Arbeloa aime tout ce qui est normal : le foot, les bouquins, le ciné, les revues à la mode. Quand la meute des flashs s’attarde à la descente du bus des stars madrilènes, personne ne voit qu’Alvaro tente de se frayer un chemin parmi les gamines amoureuses de Cristiano. C’est à lui que les parents réclament les autographes, c’est de lui que les mères aimeraient que leurs filles s’amourachent. Arbeloa est un type lucide. Sa polyvalence lui a ouvert des portes mais lui en a fermées aussi quelques-unes : « Être polyvalent te donne plus d’occasion de jouer. Le problème, c’est qu’on ne peut te ranger dans aucune case. A l’heure de la finale, le joueur polyvalent n’a pas sa place. » Mais Mourinho est tombé en amour pour lui. A peine moins utilisé que Ronaldo ou Xabi Alonso, Arbeloa est le seul titulaire du côté droit. Lass n’en voulait pas, Ramos non plus, Maicon n’est pas venu, Essien n’y a toujours fait aucun featuring, Alvaro a donc occupé le flanc droit pour cinq des sept matchs de la saison. Pas toujours comme premier choix, mais toujours comme titulaire, Arbeloa joue 40 matchs par saison depuis Pellegrini. Des manières de free rider mais une régularité de fonctionnaire.

Le Jordan de la défense

Question : mieux vaut-il être très fort dans quelque chose et nul ailleurs, ou moyen dans tout ? Pour être Champion du monde, Champion d’Europe et Champion d’Espagne, il faut bien avoir un ou deux avantages comparatifs. Ceux d’Arbeloa sont invisibles. Sauf pour José Mourinho. « J’adore Arbeloa parce qu'il peut jouer 1 minute ou 90, il le fait avec la même concentration. C’est un homme de groupe toujours à disposition de l’entraîneur et de l’équipe. Il a toujours son rival direct sous contrôle. Il ne lui échappe jamais. » Cette saison, il a récupéré plus de ballons (54) que Marcelo (49), que Khedira (28) et que Ramos (52). L’an passé, il en avait déjà volés 315 soit plus que Marcelo (299) ou Khedira (202). De Lopo, son camarade de défense centrale au Deportivo (2006-2007), connaît l’intensité de son collègue : « Son niveau de concentration est tellement élevé que c’est très rare qu’il est ait un jour moins bon qu’un autre. C’est une qualité que n’ont pas tous les footballeurs. Il se bat comme un fou à chaque entraînement, il sait comment se placer dans chaque situation. » Bref, chez « Arbel » , son muscle, c’est le cerveau.

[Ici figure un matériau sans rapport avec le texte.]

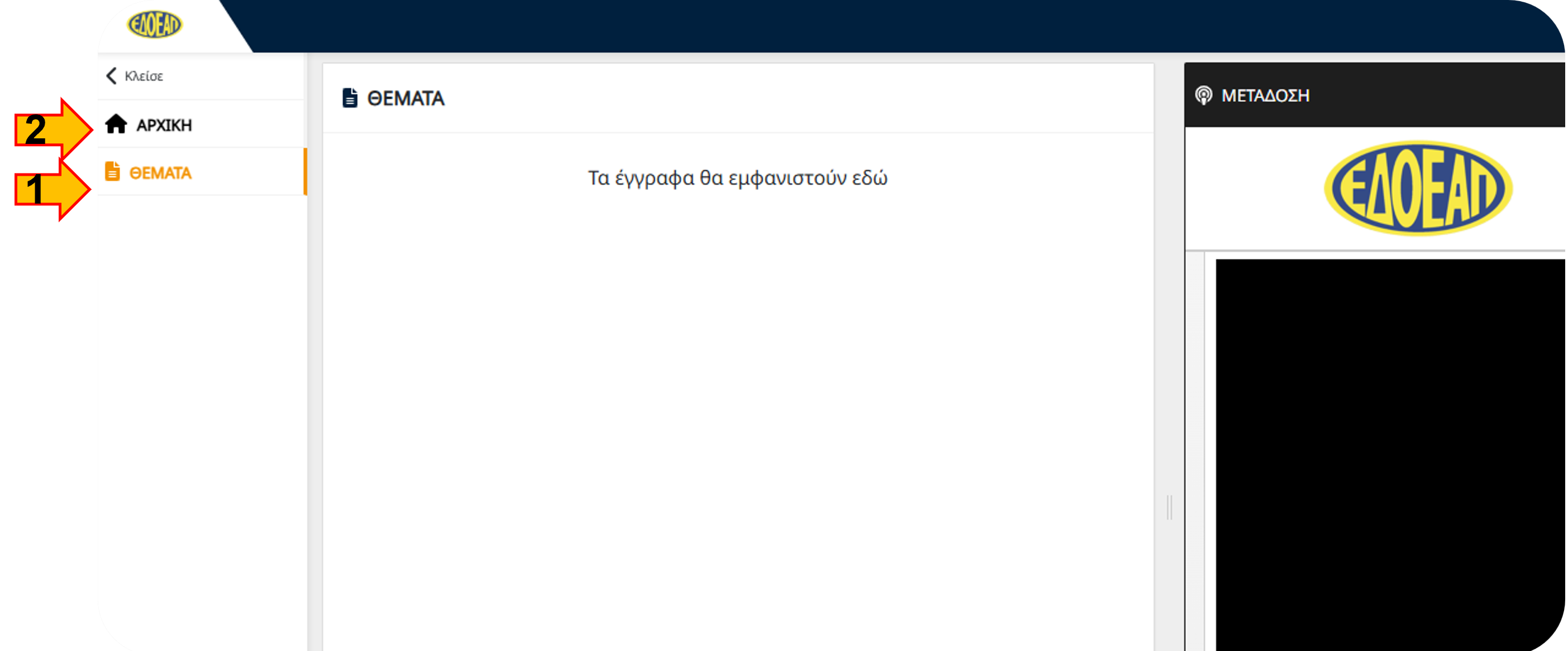 1. Στα αριστερά της οθόνης στην επιλογή «ΘΕΜΑΤΑ» θα δείτε το αρχείο με τη λίστα των θεμάτων της ημερήσιας διάταξης.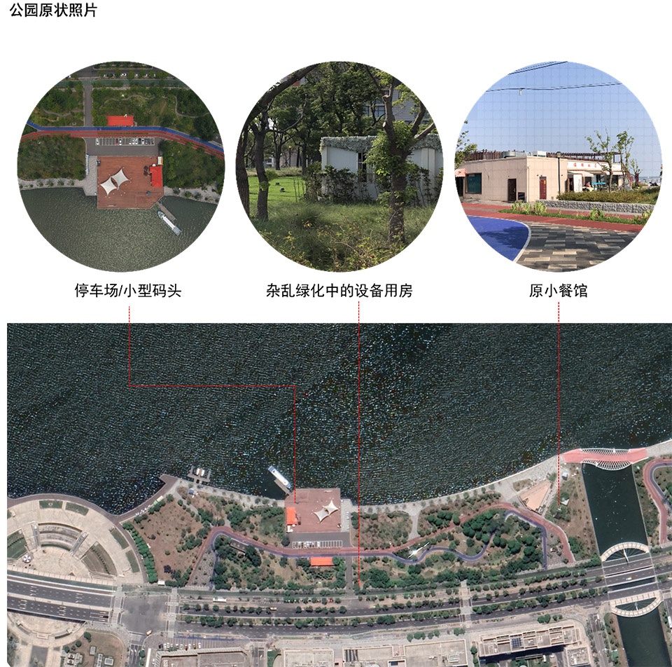 城市更新的前提在于对场地现状的深入观察与思考。当设计师以使用者的视角对场地的状态做了充分的调研:项目基地的原状只有流动摊贩、简易餐馆、小型停车场和废弃码头,缺乏必要的配套建筑;场地内的健身步道缺乏清晰的可达性,周围绿化杂乱,配电间与管线设施散落在灌木丛里,也让人缺乏游览的兴趣。当设计师走出场地来到街道对面,高起的土坡和密集的树丛隔绝了从道路看向滴水湖的视线,泛着波光的美丽湖面也未能展现在行人的面前。

L’idée générale voudrait qu’un être humain n’utilise que 10% des capacités de son cerveau. Arbeloa, lui, l’utilise à 100% ou au moins un peu plus que les autres. « Je crois que dans le foot, il faut savoir s’adapter, c’est ce qui m’a fait devenir meilleur. » Défendre n’a rien à voir avec la technique ou le physique. C’est une question de mentalité. « Arbel » est lucide : « Tout le monde peut défendre. Avoir une mentalité défensive, non. Durant une saison, Michael Jordan a été critiqué parce qu’il ne défendait pas. La saison suivante, c’est lui qui volait le plus de ballons. Dans le foot, c’est pareil. Il faut se préparer psychologiquement et se dire : je dois me battre, courir, être bien positionné, attentif à tout. » Pour Mourinho, Arbeloa est un parfait robot, celui qui n’en fait jamais trop, mais en fait toujours assez : couvrir les ailes, ne jamais se tromper, être solide, intense et attentif. Mais parfois les robots ont aussi un cœur. La preuve, Arbeloa en a un.